Now try writing and solving your own systems of linear equations: one with infinite solutions, one with no solution, and one with one solution. Write a real-world scenario that goes with at least one system of equations. Show your work.
1. System of linear equations with infinite solutions:
Let's consider a scenario where two friends, Alice and Bob, are collecting marbles. Alice has twice as many marbles as Bob. Let x be the number of marbles Alice has, and y be the number of marbles Bob has. We can write the following equations:
x = 2y (1)
Now let's say that the total number of marbles they have combined is T. So,
x + y = T (2)
We can substitute (1) into (2) to eliminate x:
2y + y = T
3y = T
Since T can be any value, there are infinite solutions to this system.

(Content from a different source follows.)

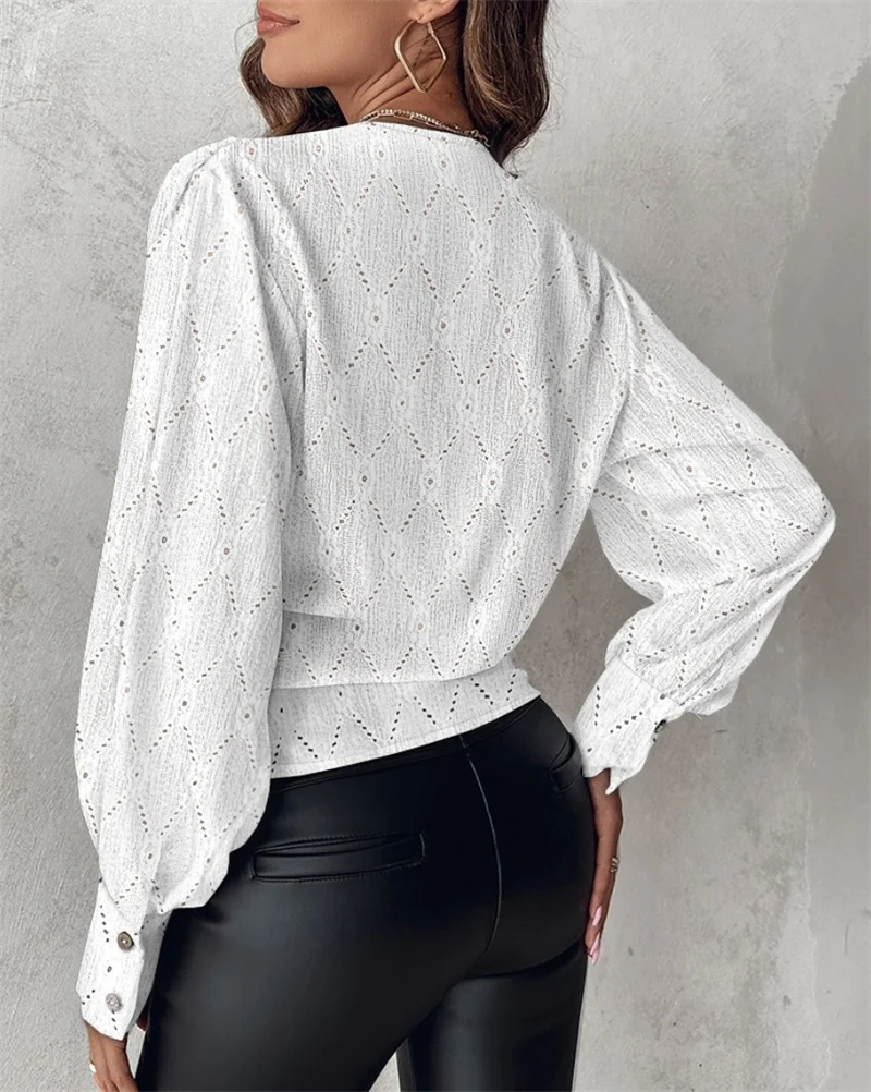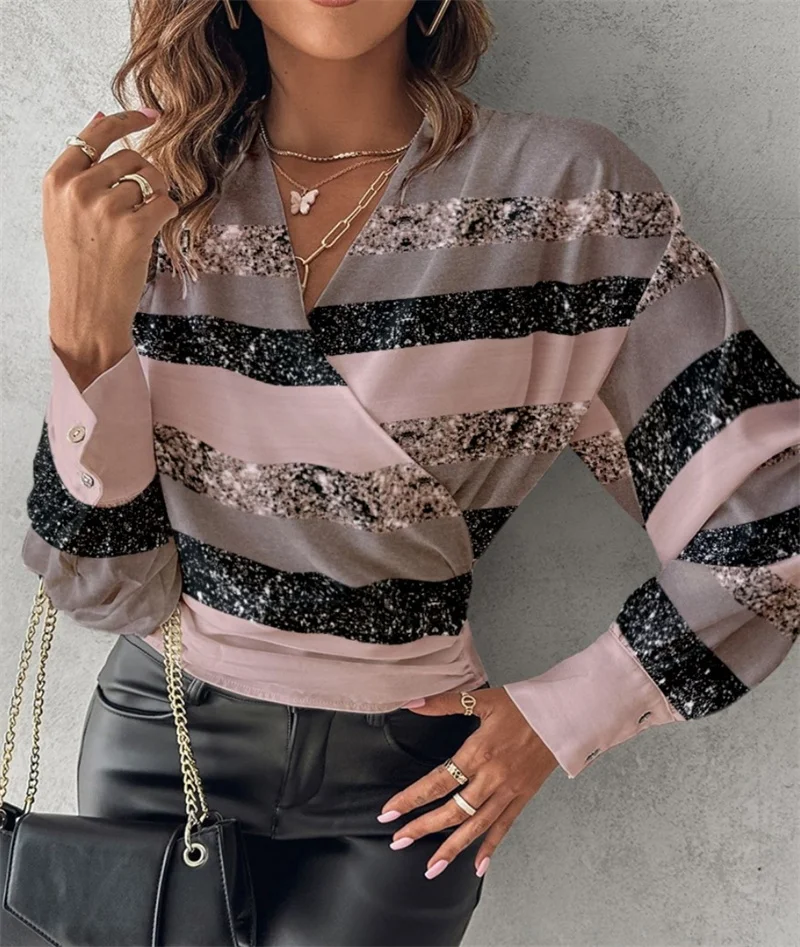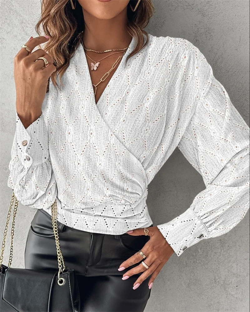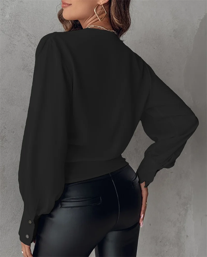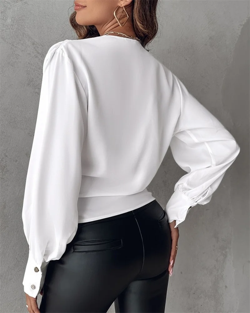 Sexy V Neck Long Sleeve Summer Fashion Elegant Blouse. S-2X

2. System of linear equations with no solution:
Let's consider a scenario where two people are trying to divide a pizza between them. Anna wants 3 slices and Chris wants 4 slices. Each slice is of equal size. However, the pizza was accidentally sliced into unequal pieces: some pieces are larger than others. Let x represent the larger pieces and y represent the smaller pieces. We can write the following equations:
x + y = 3 (Anna's slices)
x + y = 4 (Chris's slices)
This system has no solution, as the two equations contradict each other – there cannot be two different total numbers of slices.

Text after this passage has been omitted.